▸ **Aim of the task**
Leaving the pictures out, transcribe the records below exactly.
----- Extracted entries
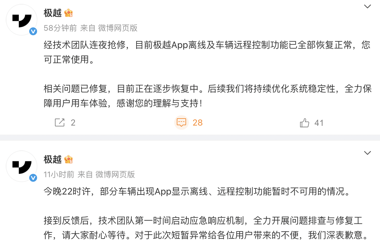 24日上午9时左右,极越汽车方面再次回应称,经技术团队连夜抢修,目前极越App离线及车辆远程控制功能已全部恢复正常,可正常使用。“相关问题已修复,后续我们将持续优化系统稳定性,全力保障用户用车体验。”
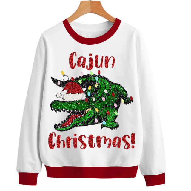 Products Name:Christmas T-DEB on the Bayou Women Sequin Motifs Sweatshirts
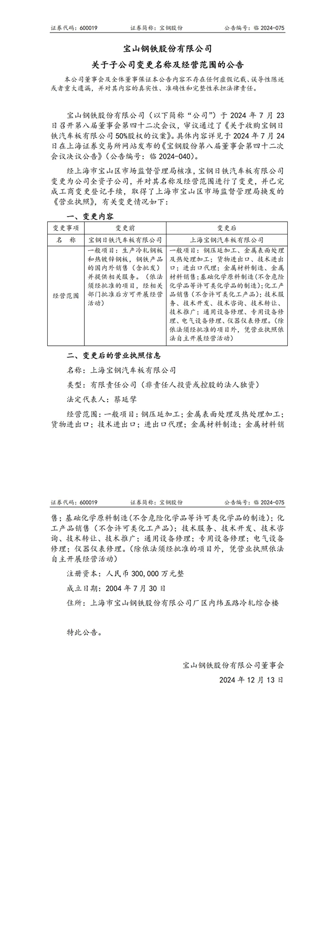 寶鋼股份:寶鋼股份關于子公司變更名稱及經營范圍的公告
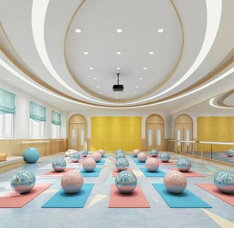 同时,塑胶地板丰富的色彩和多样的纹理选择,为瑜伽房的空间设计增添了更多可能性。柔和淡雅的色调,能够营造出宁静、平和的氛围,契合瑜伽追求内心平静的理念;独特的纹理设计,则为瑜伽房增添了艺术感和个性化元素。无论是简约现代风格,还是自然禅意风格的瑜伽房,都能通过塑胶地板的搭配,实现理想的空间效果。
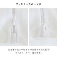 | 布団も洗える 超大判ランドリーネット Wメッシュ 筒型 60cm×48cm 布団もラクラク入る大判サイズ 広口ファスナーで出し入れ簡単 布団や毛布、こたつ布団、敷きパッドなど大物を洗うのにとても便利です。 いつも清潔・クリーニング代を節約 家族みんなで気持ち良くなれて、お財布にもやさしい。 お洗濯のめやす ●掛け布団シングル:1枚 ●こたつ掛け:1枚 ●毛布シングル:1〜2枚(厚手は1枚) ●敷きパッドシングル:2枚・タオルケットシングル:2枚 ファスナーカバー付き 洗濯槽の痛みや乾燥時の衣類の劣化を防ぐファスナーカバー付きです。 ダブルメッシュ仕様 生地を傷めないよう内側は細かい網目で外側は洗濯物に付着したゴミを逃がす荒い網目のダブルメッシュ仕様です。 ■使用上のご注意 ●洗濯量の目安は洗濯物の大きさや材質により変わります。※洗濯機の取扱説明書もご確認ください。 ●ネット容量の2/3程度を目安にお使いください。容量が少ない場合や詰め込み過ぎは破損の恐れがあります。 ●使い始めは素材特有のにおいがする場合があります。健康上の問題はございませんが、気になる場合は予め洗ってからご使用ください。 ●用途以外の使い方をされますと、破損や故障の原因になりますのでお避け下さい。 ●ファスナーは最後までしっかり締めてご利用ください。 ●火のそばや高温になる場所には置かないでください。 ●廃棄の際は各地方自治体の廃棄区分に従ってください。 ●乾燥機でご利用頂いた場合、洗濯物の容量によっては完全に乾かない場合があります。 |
----------
▸ **Response area**
 24日上午9时左右,极越汽车方面再次回应称,经技术团队连夜抢修,目前极越App离线及车辆远程控制功能已全部恢复正常,可正常使用。“相关问题已修复,后续我们将持续优化系统稳定性,全力保障用户用车体验。”
 Products Name:Christmas T-DEB on the Bayou Women Sequin Motifs Sweatshirts
 寶鋼股份:寶鋼股份關于子公司變更名稱及經營范圍的公告
 同时,塑胶地板丰富的色彩和多样的纹理选择,为瑜伽房的空间设计增添了更多可能性。柔和淡雅的色调,能够营造出宁静、平和的氛围,契合瑜伽追求内心平静的理念;独特的纹理设计,则为瑜伽房增添了艺术感和个性化元素。无论是简约现代风格,还是自然禅意风格的瑜伽房,都能通过塑胶地板的搭配,实现理想的空间效果。
 | 布団も洗える 超大判ランドリーネット Wメッシュ 筒型 60cm×48cm 布団もラクラク入る大判サイズ 広口ファスナーで出し入れ簡単 布団や毛布、こたつ布団、敷きパッドなど大物を洗うのにとても便利です。 いつも清潔・クリーニング代を節約 家族みんなで気持ち良くなれて、お財布にもやさしい。 お洗濯のめやす ●掛け布団シングル:1枚 ●こたつ掛け:1枚 ●毛布シングル:1〜2枚(厚手は1枚) ●敷きパッドシングル:2枚・タオルケットシングル:2枚 ファスナーカバー付き 洗濯槽の痛みや乾燥時の衣類の劣化を防ぐファスナーカバー付きです。 ダブルメッシュ仕様 生地を傷めないよう内側は細かい網目で外側は洗濯物に付着したゴミを逃がす荒い網目のダブルメッシュ仕様です。 ■使用上のご注意 ●洗濯量の目安は洗濯物の大きさや材質により変わります。※洗濯機の取扱説明書もご確認ください。 ●ネット容量の2/3程度を目安にお使いください。容量が少ない場合や詰め込み過ぎは破損の恐れがあります。 ●使い始めは素材特有のにおいがする場合があります。健康上の問題はございませんが、気になる場合は予め洗ってからご使用ください。 ●用途以外の使い方をされますと、破損や故障の原因になりますのでお避け下さい。 ●ファスナーは最後までしっかり締めてご利用ください。 ●火のそばや高温になる場所には置かないでください。 ●廃棄の際は各地方自治体の廃棄区分に従ってください。 ●乾燥機でご利用頂いた場合、洗濯物の容量によっては完全に乾かない場合があります。 |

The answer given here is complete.